Alors que les pays intervenant en République Centrafricaine se sont engagés à sanctionner leur militaires qui se seraient rendus coupable de viols, de nouveaux témoignages jettent une ombre sur la volonté réelle des forces de maintien de la paix de faire toute la lumière sur ces accusations.
En 2013, un coup d’état en République Centrafricaine a mis fin à de longues années de coexistence pacifique entre les communautés musulmane (10% de la population) et chrétienne. Depuis, le groupe rebelle musulman Seleka et Antibalaka, son équivalent chrétien s’affronte dans une guerre civile qui a déjà fait plusieurs centaines de morts.
Devant ce risque d’embrasement, la France, ancienne puissance coloniale, a déployé dès décembre 2013 une force d’interposition, la mission Sangaris, constituée de militaires français agissant sous mandat de l’ONU.
Mais dès décembre 2014, un scandale éclate, mettant en cause des soldats français accusés d’abus sexuels sur des enfants. Une dizaine de cas sont avérés, et cinq militaires interpellés. Mais malgré l’engagement solennel pris par le président François Hollande, aucune sanction officielle n’a été prononcée.
Interrogé dans son bureau, le nouveau président centrafricain, Faustin-Archange Touadéra a évoqué devant nos envoyés spéciaux la situation:
« La France aurait dû faire en sorte que la justice soit faite. Nous demandons que le droit des victimes soit respecté et nous avons eu des pourparlers à ce sujet avec la France afin qu’une décision juste soit prise. Vous savez que nous suivons de près ce dossier et nous insistons sur le respect du droit des victimes. Pour les victimes et pour nous l’affaire traîne depuis trop longtemps mais nous espérons qu’un jour ça sera fini, qu’il y aura des sanctions qui tomberont. Le peuple l’attend, surtout ceux qui ont été touchés »
Abus sexuels par les casques bleus : trop humains pour être vrais ?
A Bangui, certaines ONG vont bien au-delà et soupçonne les militaires français d’avoir commis beaucoup plus d’agressions que la « dizaine » officiellement reconnue. Ainsi, Yamacuir Centrafrique, une qui depuis 2003 s’occupe des cas de violences physiques ou sexuelles contre les enfants et les adultes. Selon le responsable rencontré par notre équipe, entre 2014 et 2015, plus d’une centaine de victimes des militaires français se sont adressées à leur centre situé dans le quartier PK12 au Nord de Bangui.

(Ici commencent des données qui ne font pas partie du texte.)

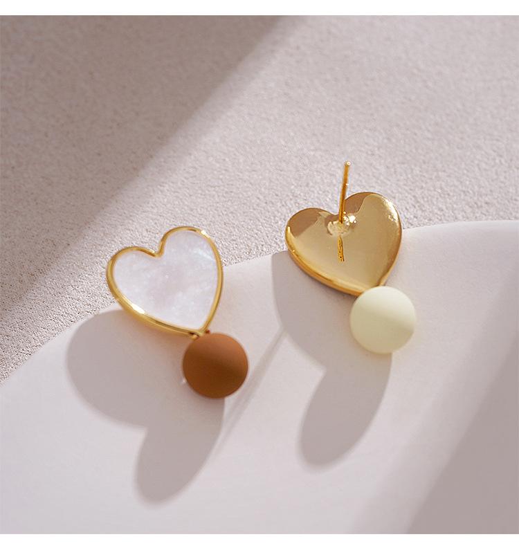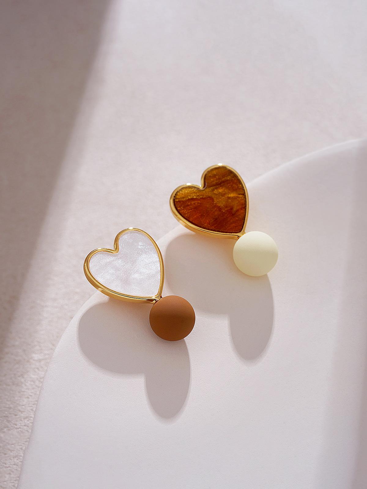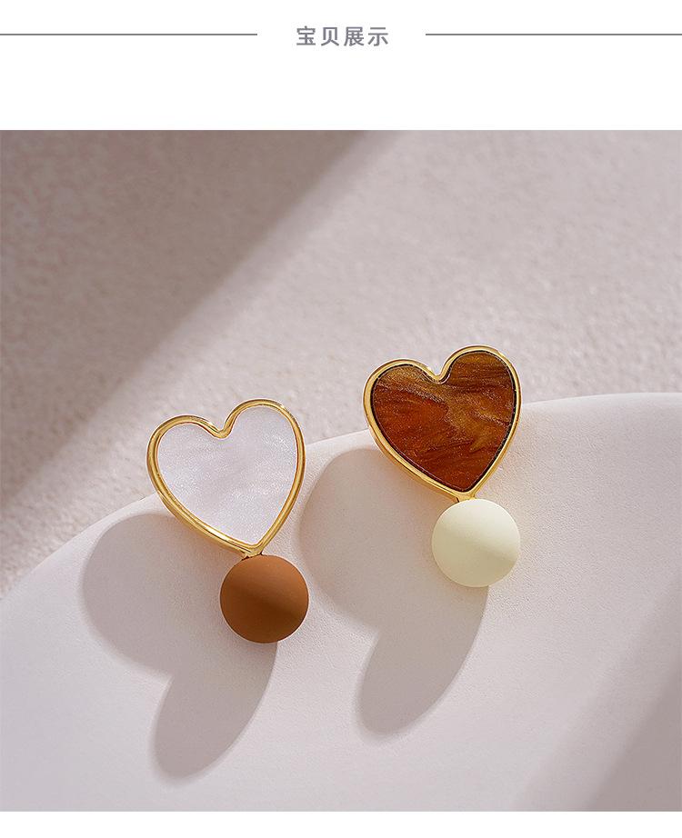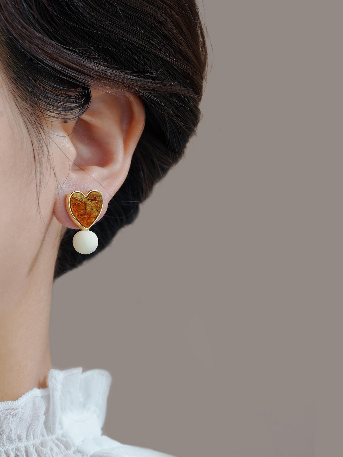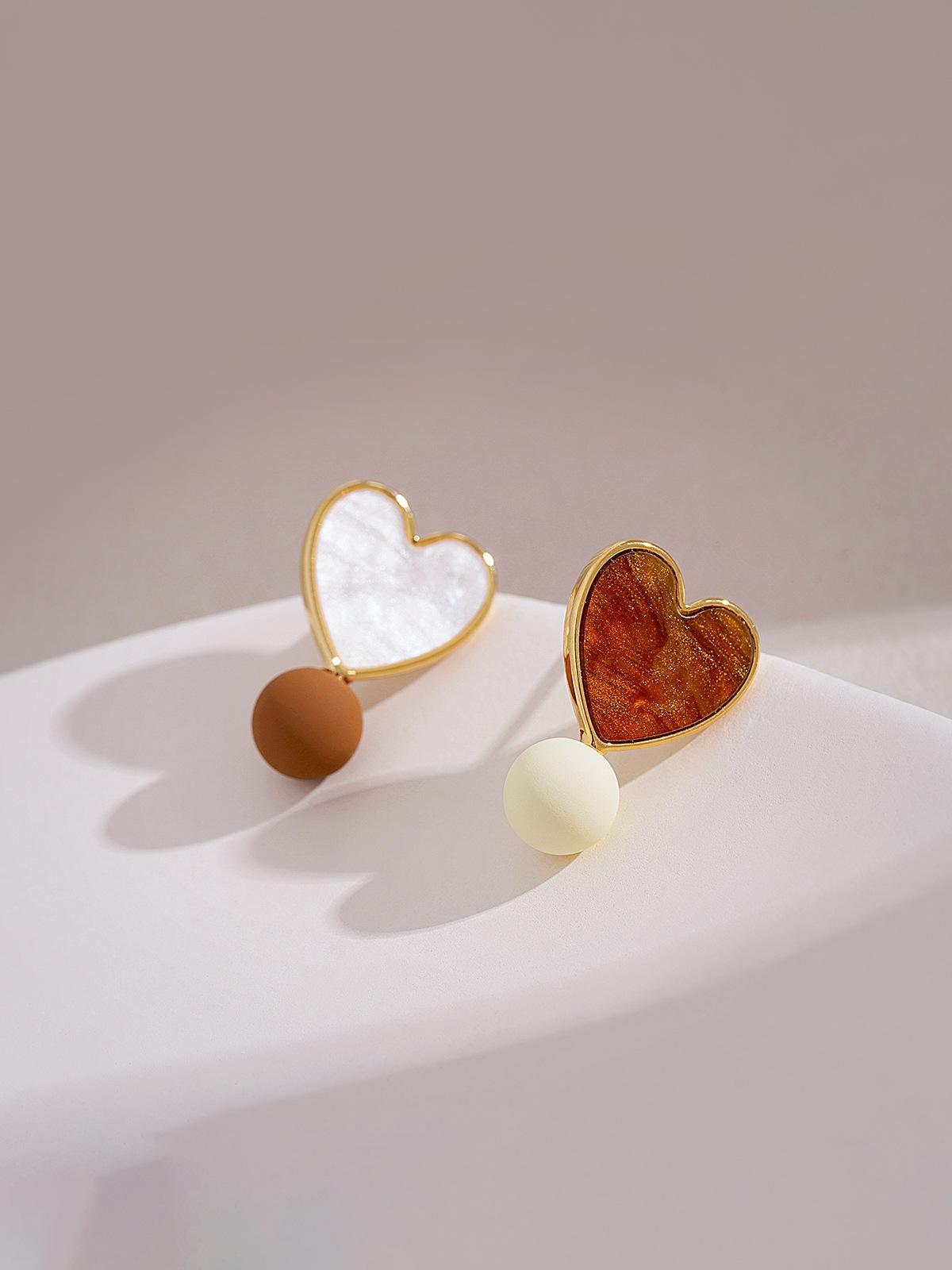 Pendientes Retro Franceses de Diseño Único, Pendientes Asimétricos de Corazón Durazno, Pendientes de Color Café de Alta Gama, Estilo 2024

Contacté par Sputnik, l’UNICEF se tient quant à elle au chiffre officiel en parlant d’une « dizaine d’enfants qui auraient été violés ».
Pourtant, au moins deux victimes, rencontrées par Sputnik, ne font pas partie des chiffres officiels.
« C’était en 2014, je vendais des oranges. Je les vendais dans la cour d’une école à Bégoua, Sangaris avait une base dans l’école et j’ai apporté des oranges pour les vendre. Ils ont demandé de leur apporter les oranges. Dans la pièce où était leur base. Lorsque j’y suis entrée, l’un d’eux m’a attrapé et m’a violé. Je ne connais même pas son nom. Il m’a saisie, il m’a sauté dessus et j’ai rien pu faire. C’est les infirmières qui travaillent dans les urgences. J’y suis allée et elles m’ont aidé. Après personne [la France]n’a rien fait, personne n’a réagi »
« Ça s’est passé en 2014. J’avais 15 ans, aujourd’hui j’ai 17. J’étais alors vendeuse, je vendais des corossols. J’en apportais souvent, ils aimaient ça, ils en achetaient, ils en achetaient tout un plateau parfois. Un jour j’en ai apporté comme d’habitude et ils ont demandé d’apporter les fruits dans le char. Je l’ai fait et là l’un d’eux m’a saisie et il m’a violée dans le char. C’est moi parce qu’après ce qu’ils m’avaient fait, j’étais en colère, ça m’a tellement vexée. J’ai appris où se trouvaient les ONG et j’y suis allée. Lorsque je suis venue papa Paul m’a aidée, il m’a emmenée à l’hôpital, ils m’ont donné des médicaments, ils m’ont donné des soins dans le centre. Après ce qui s’était passé je n’ai eu d’excuses de personne »
S’il est difficile pour l’instant d’établir avec précision le nombre de victimes des soldats français en Centrafrique, une chose est sûre: le chiffre officiel n’est pas exact. Les difficultés rencontrées pour avoir une réponse officielle laissent penser que président français François Hollande, qui avait affirmé que l’affaire était grave et que « La réputation de la France [était] en jeu » ne semble pas pressé de faire en sorte que toute la lumière soit faite sur cette affaire qui dure depuis deux ans maintenant.